Nous avons rencontré Claire Auzias fin novembre 2017 lors de la sortie de la présentation de son libre au siège du Centre de ressources sur les alternatives sociales (Cedrats). elle présente son dernier ouvrage.

Une maison d’édition alternative

Le milieu de l’édition est une monde parsemé d’embûches, où les appétits financiers sont régis par les grands groupes. Aussi, la publication de livres qui sort des sentiers battus n’est pas un chemin semé de pétales de roses. Et pourtant, en région, de nombreuses petites maison d’édition effectuent un travail littéraire incomparable, bien éloignée des grands tirages ou des romans de gare.

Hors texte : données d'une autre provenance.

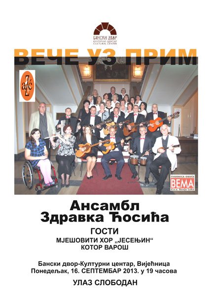 У Вијећници Банског двора 16. септембра 2013. године (понедјељак) у 19,00 часова одржаће се концерт Ансамбла Здравка Ћосића „Вече уз прим“.

Ainsi, en va-t-il à Lyon, ville où, entre Rhône-et Saône, l’édition fait florès depuis l’apparition au 15e siècle de l’imprimerie. Un musée de l’imprimerie et de la communication graphique, rappelle d’ailleurs cette histoire, ses moments marquants et son actualité au 20e siècle.

L’Atelier de création libertaire participe de ce mouvement éditorial, artistique et poétique, lié à la mouvance littéraire en général, et anarchiste en particulier. Jean-Marc Bonnard est un de ses responsables. Il présente la démarche suivi par les animateurs de cet atelier éditorial.

Trimards, Pègre et mauvais garçons, Claire Auzias, Atelier de création libertaire, 18 €, dans toutes les bonnes librairies.